Figures predict rural areas will experience largest increase in future car travel

 
The largest increases in travel over the next two decades are expected to be outside urban areas, according to modelling for the Department for Transport (DfT).


The DfT has provided data for the post-2014 transport planning process for the cities and regions that suggests the biggest rises in trips will be in the East Midlands (20%), the South West (18.7%), Yorkshire & Humber (18.7%) and the East of England (18.5%). This compares to the 16% predicted for London.


Within these four regions of England the growth will be concentrated in rural, not urban areas, according to the modelling.


In the East Midlands, for example, the Lincolnshire districts of West Lindsey, North Kesteven and South Holland, Newark and Sherwood in Nottinghamshire, Harborough in Leicestershire and the majority of Northamptonshire are expected to have at least 20% more trips both to and from them, mostly by car.


Derby and Northampton are the only two urban areas in the East Midlands that the DfT’s trip model program TEMPRO calculates will have as large leaps in demand. The DfT’s national transport model, meanwhile, suggests that traffic delays will increase noticeably in England’s shires. The average delay per vehicle kilometre on all roads in East Anglia, Derbyshire, and the area around Bristol is currently less than six seconds; by 2026 it will be six to 13 seconds.

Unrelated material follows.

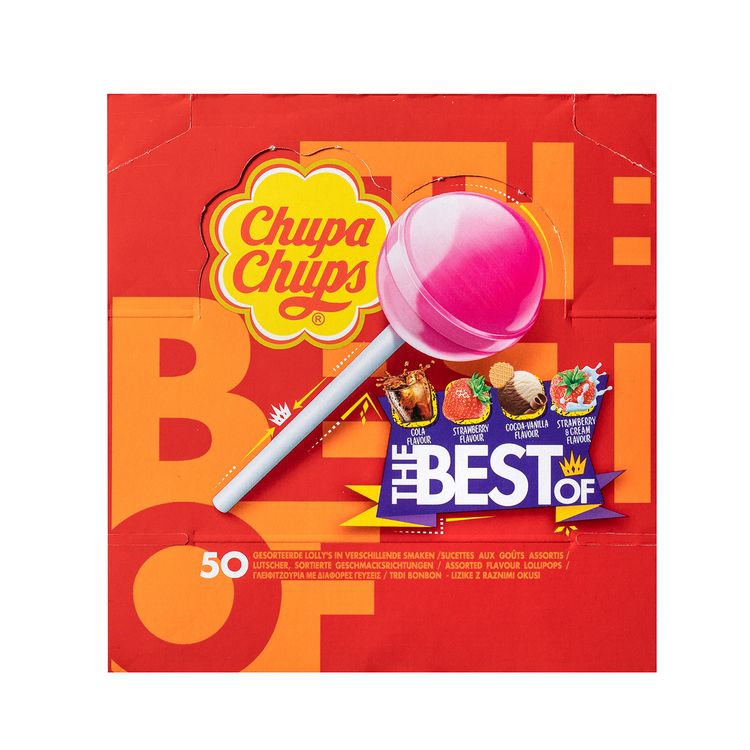 Les célèbres sucettes Chupa Chups vous proposent de nombreux parfums pour régaler petits et grands à tout instant ! Chupa Chups Best of l'assortiment des meilleurs parfums de la gamme Chupa Chups dans un seul carton. Parfums : Fraise, Cola, Lait-Fraise et Cacao-Vanille

Richard Wills, Lincolnshire County Council’s director for development, said he was ‘not surprised’ to see the high demand for travel, given that ‘travel is good,’ – the title of a County Surveyors’ Society (CSS) report. In counties such as Lincolnshire, the policy response would have to be minor road improvements and extending demand-responsive bus services. But the former CSS president was ‘realistic’ about what could be achieved. ‘Money’s likely to be tight over the next few years,’ he said.